JCPenney, eco-fashion, sustainable fashion, green fashion, ethical fashion, sustainable style, fast fashion, Belle + Sky


Although JCPenney stocks MNG by Mango, a diffusion version of the Spanish label that is exclusive to the retailer, Belle + Sky is the company’s first in-house “fast fashion” brand, according to JCPenney CEO Marvin Ellison, who spoke at the Goldman Sachs 22nd Annual Global Retailing Conference on Wednesday.

“We are piloting a private brand called Belle + Sky, which is our version of fast fashion that is a private brand,” he said. “I have had two trips to Asia since March, and it was very informative because we spent a lot of time with suppliers talking about fast-fashion retailers, not trying to replicate fast fashion as a strategy, but to learn elements of the strategy.”

JCPenney isn’t alone in its push to shorten the production cycle from the typical nine months for U.S. retailers to four for fast-fashion businesses, notes Fortune. In August, San Francisco-based Gap said it planned to adopt a “new product operating model to increase speed, predictability, and responsiveness,” not unlike its better-performing sister company Old Navy.
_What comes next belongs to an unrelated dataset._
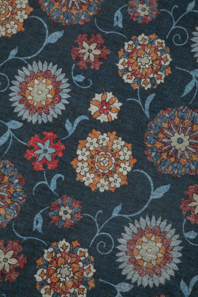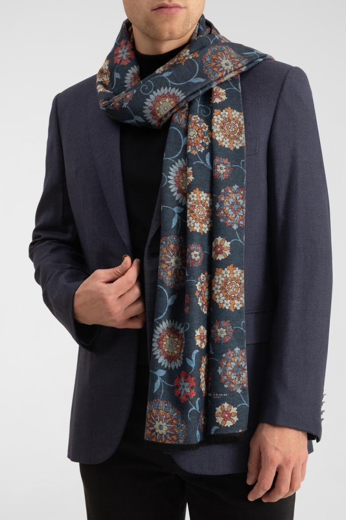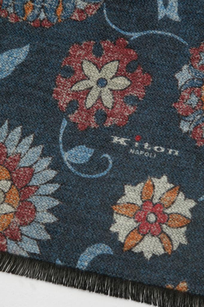Шелковый шарф Kiton с цветочным принтом. Отличительная деталь - логотип бренда.

But is flooding the market with even more cheaply manufactured garments the answer? Considering we consume 400 percent more clothing today than we did 30 years ago—and throw away nearly as much—this might be another instance where more not only doesn’t equal more, but it also diminishes us as a society.

INFOGRAPHIC | Fast Fashion is “Disposable But Damaging”
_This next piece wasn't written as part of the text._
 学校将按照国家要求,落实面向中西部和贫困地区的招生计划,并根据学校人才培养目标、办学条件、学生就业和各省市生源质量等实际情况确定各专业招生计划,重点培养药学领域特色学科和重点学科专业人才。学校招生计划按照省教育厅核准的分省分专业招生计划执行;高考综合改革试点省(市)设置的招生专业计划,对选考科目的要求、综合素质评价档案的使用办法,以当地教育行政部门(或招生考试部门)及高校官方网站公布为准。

“The current high-street business model pushes prices down and encourages fast-fashion models of buying, whereby clothes are cheap, seen as ‘bargains’ and viewed as disposable,” Ilana Winterstein, director of communications for Labour Behind the Label, a labor-rights group based in the United Kingdom, told Ecouterre. “The fast-fashion model pushes the global race to the bottom on price as brands compete with one another and demand more for less. This puts pressure on factory owners to offer garments at the lowest cost possible, meaning corners are cut on health and safety and wages are kept at poverty levels. It is the workers who pay in the end for the cheap clothes sold on our high streets and the model of fast-fashion needs to change.”
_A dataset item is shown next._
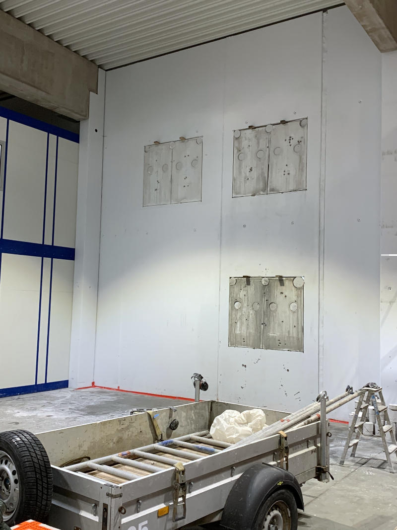Die Rohbauer kommen … Aber keine Angst! Um sicherzustellen, dass das Alltagsgeschäft des Lebensmitteleinzelhändlers ohne Einschränkungen fortgesetzt werden kann, wurde von uns mit effektiven Wasser- und Staubschutzmaßnahmen entsprechend vorgesorgt. Nachdem unsere Monteure die Schnittend-Kernbohrungen und Ausbau-Kernbohrungen hergestellt hatten, erfolgten die Sägeschnitte mit der Hilti Wandsäge DST 20 CA an den Außenseiten der geplanten Türöffnung. Dabei wurde der Beton präzise entlang der markierten Linien geschnitten. Die schienengeführte Sägeeinheit exakt von unseren erfahrenen Monteuren vorbereitet, geht unsere Säge durch das Bauteil wie ein Messer durch heiße Butter. Anschließend wurde das 3,2 to schwere Ausbau-Betonteil noch in vier 800 kg schwere Rückbauteile aufgesägt. Für den Ausbau und Abtransport der Betonteile setzten wir unseren neuen Weidemann-Teleskoplader ein. Anschließend folgte der Rückbau der Folien-Schutzmaßnahmen, der Arbeitsbereich wurde aufgeräumt und gereinigt. Gemäß dem Wunsch unseres Auftraggebers, wurde die entstandene Öffnung provisorisch mit Seekiefernplatten verschlossen.

In a similar vein, Orsola de Castro, co-founder of the conscious-fashion movement Fashion Revolution, as well as one of the designers behind From Somewhere, a label that upcycles surplus fabrics into new looks, wonders “how much more can we buy?”

“Eighty billion items of clothing are delivered out of factories annually, and that’s not counting the waste generated at factory level from mill waste, order cancellations, and faulty runs,” she told us. “The way forward for the industry should not be about buying more, it should be about buying better.”